Alma, Rocky, or Oracle?

I may have some work converting CentOS 7 up to something current and thinking about which distro to go with. Leaning towards Alma because they made the tool to make this “easy” and also because XCP-ng is going to base their next (v9) on Alma 10 (hard to find forum post).

My system may have a support contract with Oracle, and that might twist me in that direction, but I’m trying to avoid it because the Alma conversion tool only goes up to Oracle v8, where the tool can get you up to Alma v9 or Rocky v9 (with a trip to 8 first).

We may also contract this out, the VP is talking to HR to see if they can pay me without breaking any labor laws since I work for this company in a different role. I’ll assume that CNWR has done more than a few of these upgrades by now, not aware of any other companies closer to us, and not really sure close matters for this.

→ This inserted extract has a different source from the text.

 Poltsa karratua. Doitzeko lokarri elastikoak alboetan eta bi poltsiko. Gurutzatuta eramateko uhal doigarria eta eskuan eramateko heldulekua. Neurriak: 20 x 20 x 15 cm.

We’re primarily a Debian shop, but had a single CentOS VM that we converted to Alma a couple years ago, apparently (I had to go back and look up when the whole CentOS shake-up happened) and everything has been pretty smooth. The conversion script was as boring as one might hope and the legacy software that we need that VM for hasn’t complained.

Yeah, I’ve mainly gone to Debian after the IBM rug pull, but I think we still have many CentOS7, and not sure what state our RHEL might be in. If everything is a VM, then not a big deal, make a snap shot to fall back on, and let it rip. And I’m guessing most are a VM, but I think there are a couple of unknown bare metal machines that need attention.

I may shift my few Linux VMs on my system over to Alma just for practice. I can burn them down and start fresh so not a big deal for my little system. Need to see what happens with this work.